What Does It Mean to Be Well-Educated?

Now that the pandemic may be waning, we should ask ourselves what counts as a successful education

On January 11, 2020, a 61-year-old man in the central Chinese city of Wuhan succumbed to a new virus that had sickened at least 41 people. “There is no evidence that the virus can be spread between humans,” the New York Times reported at the time (Quin & Hernandez, 2020). By April 2, the COVID-19 coronavirus had sickened more than one million people in 171 countries across six continents and had killed more than 51,000. In a recent report for the Royal Society of Canada, my colleague Michelle Hagerman and I noted that nearly two years later, the pandemic had not only claimed the lives of millions but also upended nearly every public, private, and non-governmental institution around the globe (Westheimer & Hagerman, 2021).

Crises have a way of making us ask big questions. They focus our attention on what matters most – to us, our loved ones, our fellow citizens, and the planet.
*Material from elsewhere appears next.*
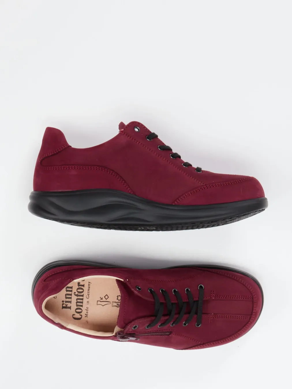 Ob beim Stadtspaziergang oder auf dem Weg zur Arbeit – das bordeauxrote Nubukleder mit matter Oberfläche bietet eine angenehme Haptik und stilvolle Zurückhaltung. Die runde, ergonomische Form wird durch einen weich gepolsterten Schaftrand ergänzt. Schwarze Schnürsenkel und ein seitlicher Reißverschluss sorgen für praktischen Einstieg und einen sportiven Akzent. Die rutschhemmende Gummisohle und das orthopädisch geformte, herausnehmbare Korkfußbett unterstreichen die Alltagstauglichkeit. Minimalistische Details, inspiriert von Komfortschuh-Design und aktuellem Functional Fashion Trend, runden das Modell harmonisch ab.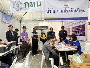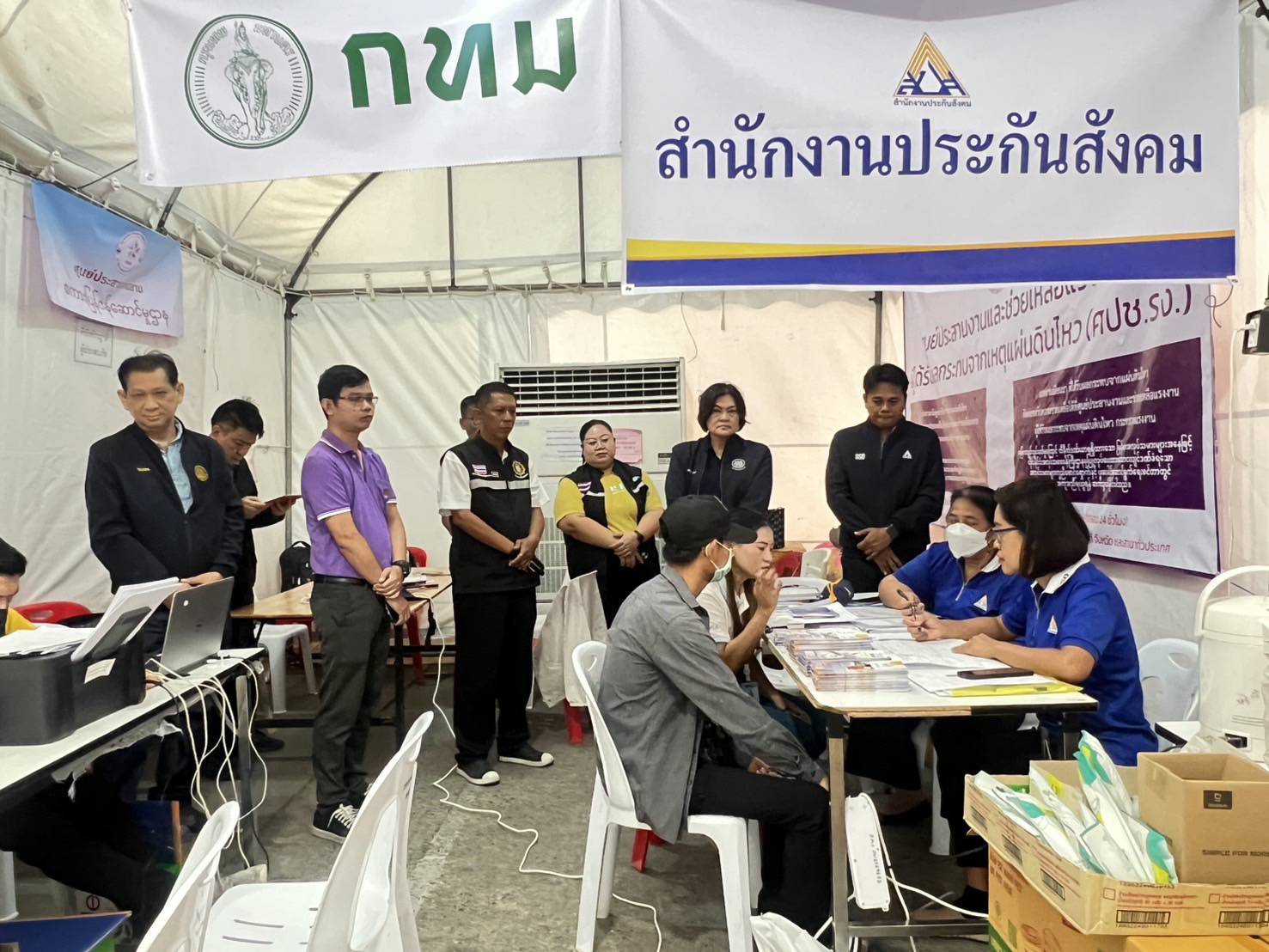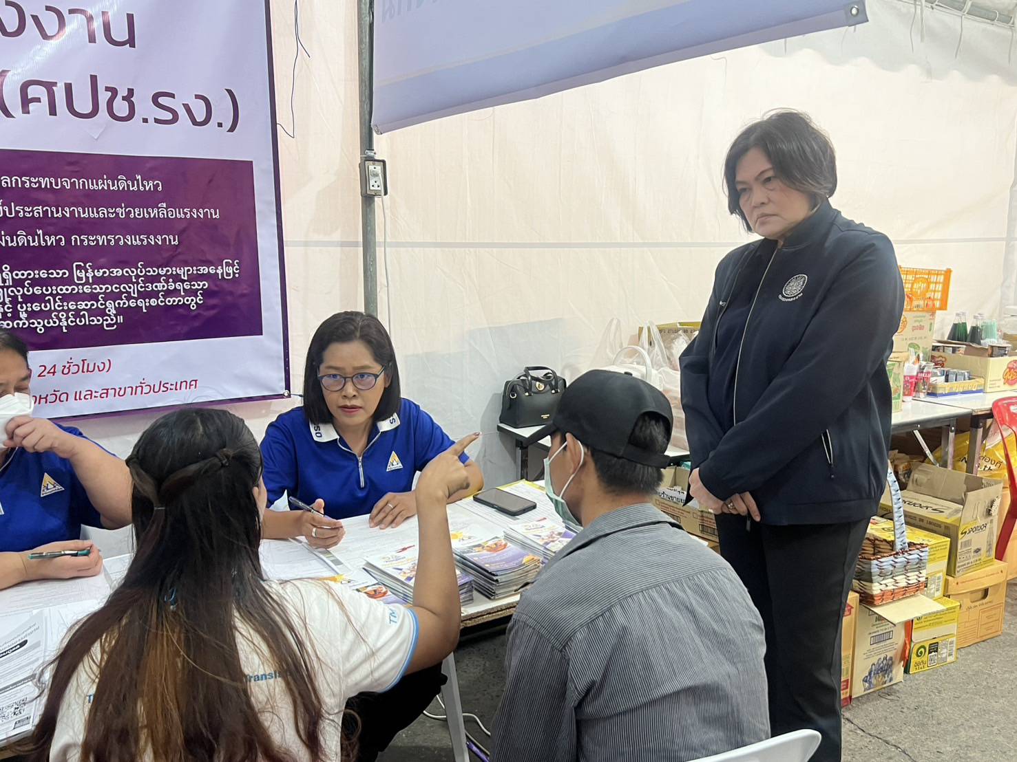 วันที่ 18 เมษายน 2568 นายบุญสงค์ ทัพชัยยุทธ์ ปลัดกระทรวงแรงงาน มอบหมายให้ นางสาวบุณยวีร์ ไขว้พันธุ์ หัวหน้าผู้ตรวจราชการกระทรวงแรงงาน ลงพื้นที่เยี่ยมให้กำลังใจเจ้าหน้าที่ผู้ปฏิบัติงาน เพื่อสร้างขวัญกำลังใจ และติดตามการให้ความช่วยเหลือด้านสิทธิประโยชน์แรงงาน บริเวณศูนย์ประสานงานและช่วยเหลือแรงงาน ผู้ได้รับผลกระทบจากเหตุแผ่นดินไหว (ศปช.รง.) และจุดรับแจ้งสิทธิประโยชน์ประกันสังคมผู้ได้รับผลกระทบจากเหตุโครงสร้างอาคารของโครงการก่อสร้างอาคารสำนักงานการตรวจเงินแผ่นดิน ถนนกำแพงเพชร 2 เขตจตุจักร กรุงเทพมหานคร ณ เต็นท์สำนักงานเขตจตุจักร กทม. ด้านข้าง JJ Mall

For educators, prioritizing what is important became fundamental as teachers grappled with the new realities of online learning, spotty attendance, and the immense inequalities the pandemic revealed about the lives of students and their families. These new realities offer an opportunity to reshape our thinking about what matters in education. But opportunity is not the same as destiny. For lasting change to occur, we must focus our attention on using what we have learned.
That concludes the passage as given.